Zebco Topic, seit Jahren vollstens zufrieden! Und kostet wirklich nicht die Welt.


Petri


Megger


----------



## schrauber78 (20. Juni 2008)

*AW: Welche Angelschnur???*

Meine Favoriten für Monos sind die Balzer Platinum Royal und die Berkley Trilene Sensation


----------



## Khaane (20. Juni 2008)

*AW: Welche Angelschnur???*

Ich würde dem Threadstarter empfehlen die Schnurlaufröllchen nachzuölen, bevor er überhaupt neue Schnur aufzieht.

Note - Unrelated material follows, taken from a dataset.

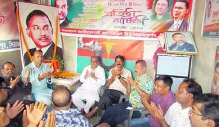 শাহজাদপুর সংবাদ ডটকম, নিজস্ব প্রতিবেদক, রোববার, ২ সেপ্টেম্বর ২০১৮ খ্রিস্টাব্দ :  ১লা সেপ্টেম্বর শনিবার বাংলাদেশ জাতীয়তাবাদী দল বিএনপি’র ৪০তম প্রতিষ্ঠা বার্ষিকী উপলক্ষে শাহজাদপুর উপজেলা ও পৌর বিএনপি’র পক্ষ থেকে বিভিন্ন কর্মসূচি পালিত হয়েছে। কর্মসূচির মধ্যে ছিল সকাল ৭:১ মিনিটে দলীয় কার্যালয়ে জাতীয় ও দলীয় পতাকা উত্তোলন। সকাল ৮:১ মিনিটে বাংলাদেশ জাতীয়বাদী দল বিএনপি’র প্রতিষ্ঠাতা সাবেক রাষ্ট্রপতি শহিদ জিয়াউর রহমানের প্রতিকৃতিতে পুষ্পমাল্য অর্পণ। দুপুর সাড়ে ১২ টায় উপজেলা বিএনপি’র দলীয় কার্যালয়ে উপজেলা বিএনপি’র সিনিয়র সহ-সভাপতি সাবেক পৌর মেয়র মোঃ নজরুল ইসলামের সভাপতিত্বে মিলাদ মাহফিল ও আলোচনা সভা অনুষ্ঠিত হয়। এ সময় অন্যান্যের মধ্যে উপস্থিত ছিলেন, বিএনপি’র কেন্দ্রীয় নির্বাহী কমিটির সদস্য, সাবেক সাংসদ কামরুদ্দিন এহিয়া খান মজলিশ সরোয়ার, উপজেলা বিএনপি’র যুগ্ম-সাধারণ সম্পাদক আরিফুজ্জামান আরিফ, পৌর বিএনপি’র সাধারণ সম্পাদক কেএম হাবিবুল হক সাব্বির, উপজেলা বিএনপি’র সাংগঠনিক সম্পাদক রেজাউল ইসলাম রাজা, বিএনপি নেতা এ্যাডভোকেট রায়হান উদ্দিন, আল মাহমুদ প্রামানিক, উপজেলা যুবদলের সভাপতি ফিরোজ হাসান খান ফাইট, সাধারণ সম্পাদক মিজানুর রহমান মিন্টু, সাংগঠনিক সম্পাদক আরিফ প্রামানিক, পৌর যুবদলের সভাপতি আব্দুল্লাহ আল মাহমুদ, সাধারণ সম্পাদক জাহিদুল ইসলাম জাহিদ, সাংগঠনিক সম্পাদক মোঃ আলাল হোসেন, যুবনেতা সবুজ প্রামানিক, শাকিক চৌধুরী, রওশন আলী রোশনাই, আব্দুস সোবাহান, মাসুম, ছাত্রদল নেতা রবিউল ইসলাম, বকতিয়ার ভূঁইয়া, নাদিম শেখ, মনিরুল ইসলাম, সেতু, সুলতান মাহমুদ প্রমুখ।

Wenn ein guter Lauf dort nicht gewährleistet ist, dann kann man auch die neueste und beste Schnur nach 1-2 mal fische, völlig vergessen.

Von Billigschnüren halte ich persönlich überhaupt nichts, gerade die Baumarktschnüre sind fragwürdig, wenn sie nicht von einem Markenhersteller stammen.|uhoh:

Siehe LIDL-Schnur, da gibts auch einige Spezis die die Schnur tatsächlich empfehlen..........deshalb sollte man die Tipps und Empfehlungen im Forum teilweise anzweifeln.#d

PS:  Habe mir diverse Rollen Sufix Magic Touch zugelegt für 4-6 € die Großspule und bin sehr zufrieden mit dieser.


----------